Despite the first event’s success, the next Startup Weekend event in Szczecin took 4 years to happen. The problem was building a new organising team, as Jarek, one of the lead organisers, had moved to another city. The next event therefore took place in 2015, and in the meantime, Maciej organized Nethack and other city focused hackathons, whilst also focusing on building the TEDx community in his city.

In September 2016, Maciej got accepted as Techstars Associate in the METRO Berlin Program, he travelled to Spain to speak at a conference there, went on to Warsaw to attend the Techstars Europe Unsummit, and ended up starting his exciting new journey in Berlin a few days later.

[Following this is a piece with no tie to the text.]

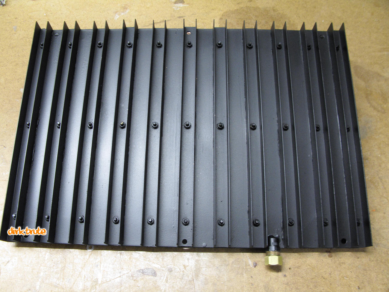 Nach Fertigstellung aller Lötarbeiten und einer Dichtheitsprüfung wurden die Kühlrippen mit einem Zweikomponenten - Wärmeleitkleber auf den Radiator angeklebt. Dieser soll Unebenheiten in der Oberfläche egalisieren und so einen guten Wärmeüberhang herstellen. Die Schrauben zur Befestigung dürfen aber nur mäßig festgezogen werden. Denn nach ganz fest, kommt immer ganz locker.

“It’s a really intensive program, especially for founders,” he said. For Maciej in particular it was also intense as he was participating in three Techstars programs in parallel–coordinating Startup Weekend Szczecin – Smart City/IoT back home, working as an associate in Berlin and becoming a volunteer for the pilot of the Startup Next mobility edition with Ford. Those 2 months were very busy for him –working 15 hours per day both helping founders and also leading his Startup Weekend team, making the two hour drive back to Szczecin each weekend to meet with them.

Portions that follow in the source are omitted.